* _DATASET SECTION_:
== == ==

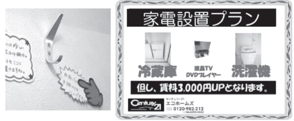 またフリーレントやキャッシュバック、家電付きプラン、家具付きプラン、など現場で再現しにくいサービスも、写真や文章で示したポスターにしてはっておけばわかりやすい。
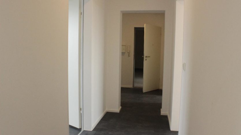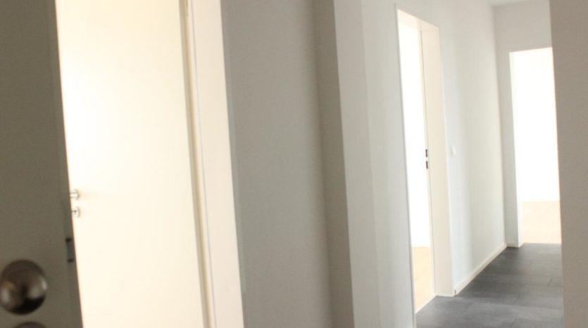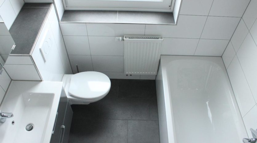 Sie betreten die Wohnung und stehen in Mitten vom großzügigen Flur. Rechter Hand finden Sie das Tageslichtbad.
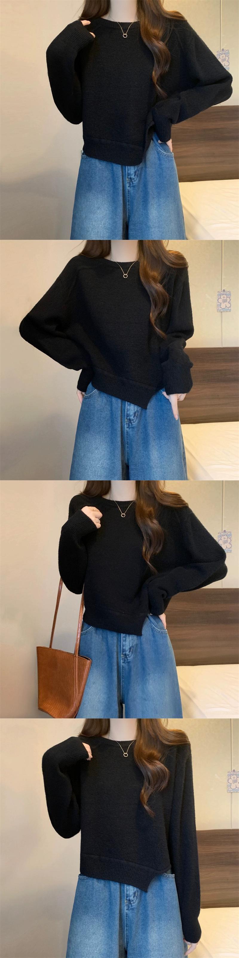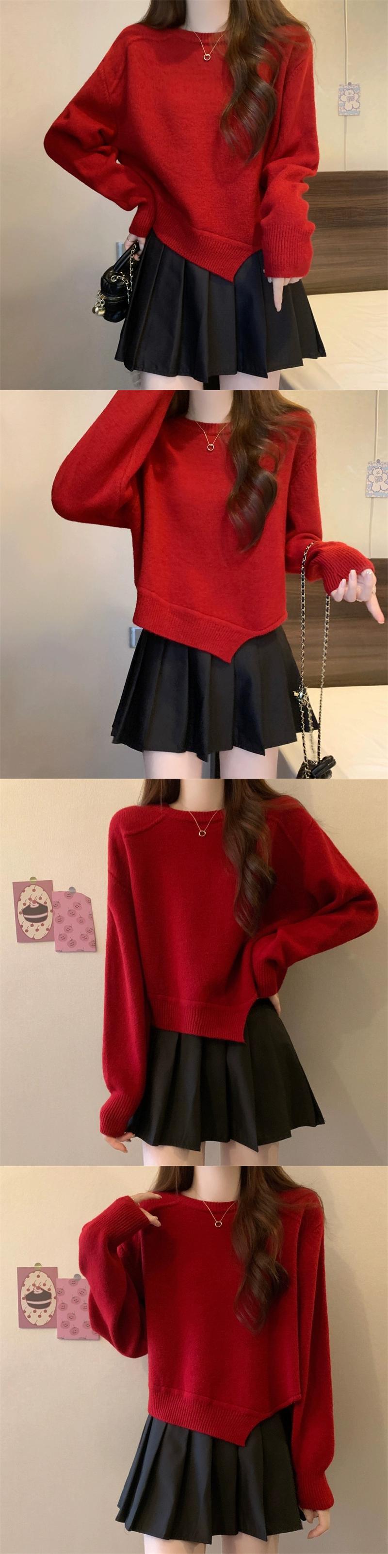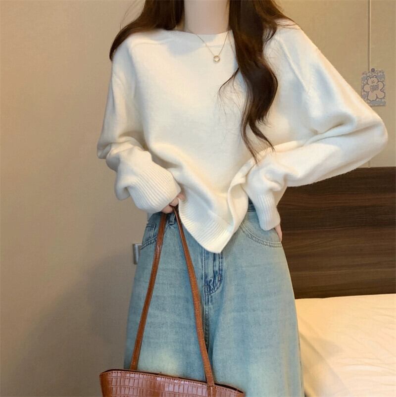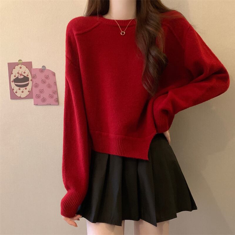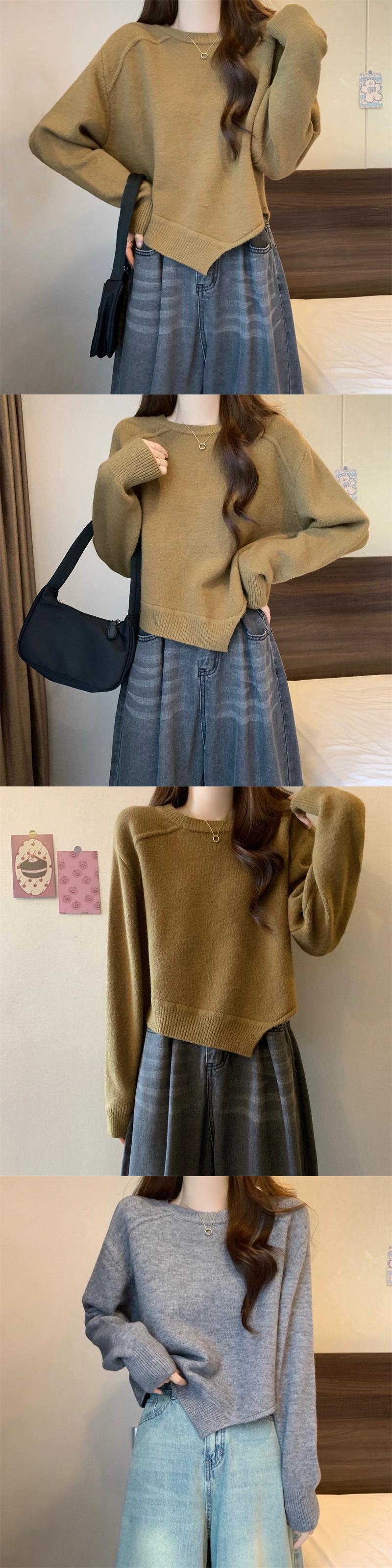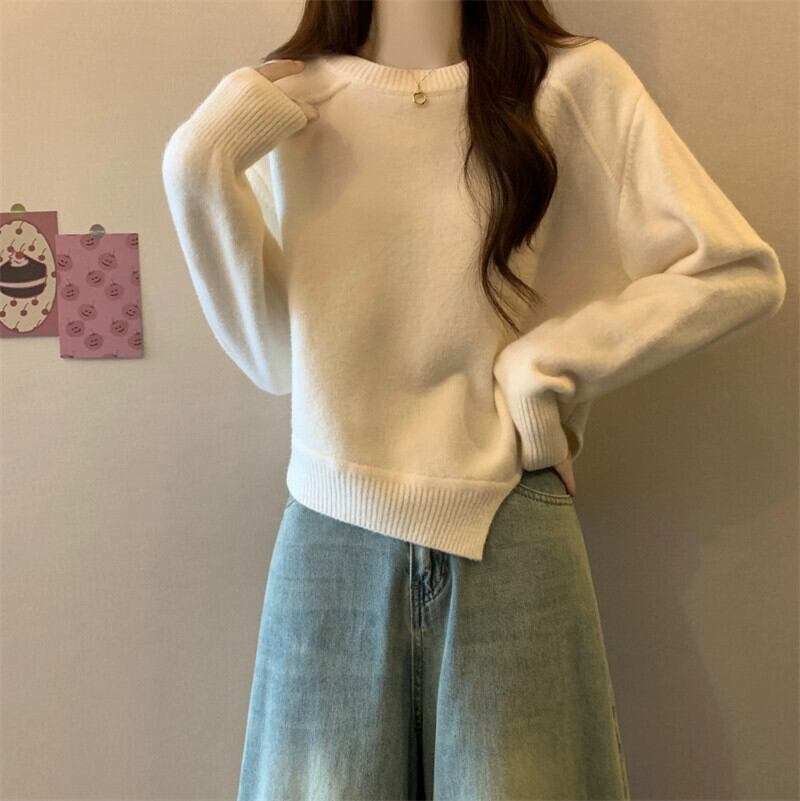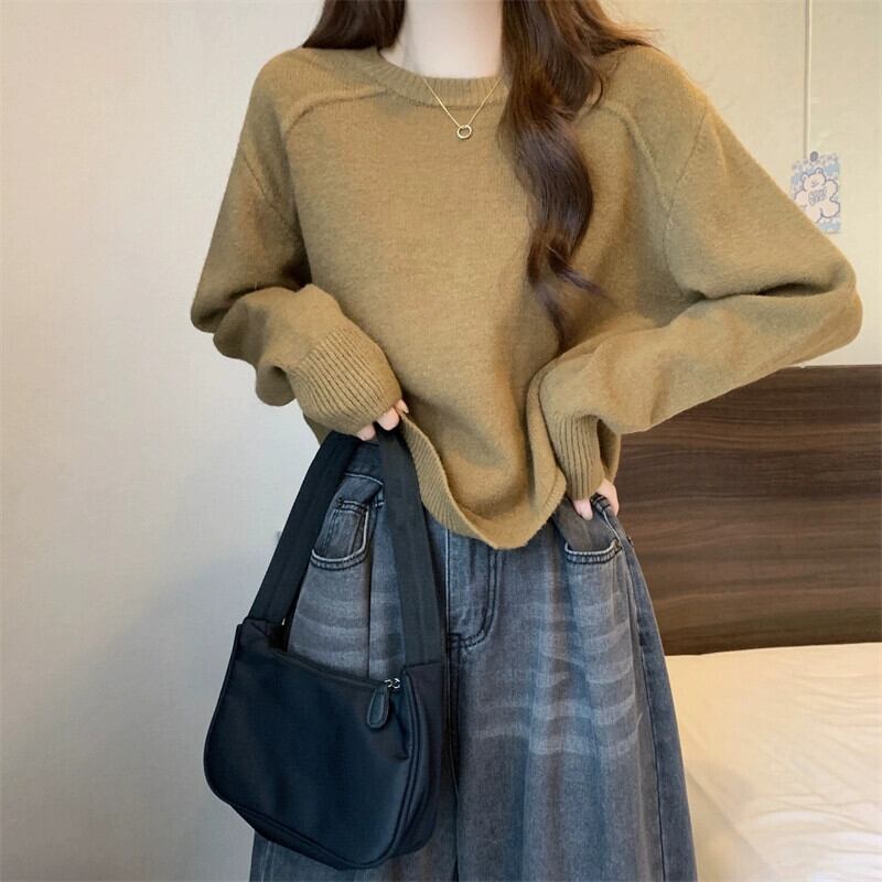 秋と冬の不規則なショートセーターの女性、レトロなデザイン、ルーズなアウターウェア、怠惰なスタイルのプルオーバーラウンドネックセーター オータム 秋物 ウィンター 冬物 Oネック 7460067335878818 | framboise21

== == ==

* _WHAT YOU WILL DO_: Omit the pictures and write out exactly the lines from the one containing "Sie betreten die" through the last line of the material.

* _ANSWER TO THIS TASK_:
 Sie betreten die Wohnung und stehen in Mitten vom großzügigen Flur. Rechter Hand finden Sie das Tageslichtbad.
 秋と冬の不規則なショートセーターの女性、レトロなデザイン、ルーズなアウターウェア、怠惰なスタイルのプルオーバーラウンドネックセーター オータム 秋物 ウィンター 冬物 Oネック 7460067335878818 | framboise21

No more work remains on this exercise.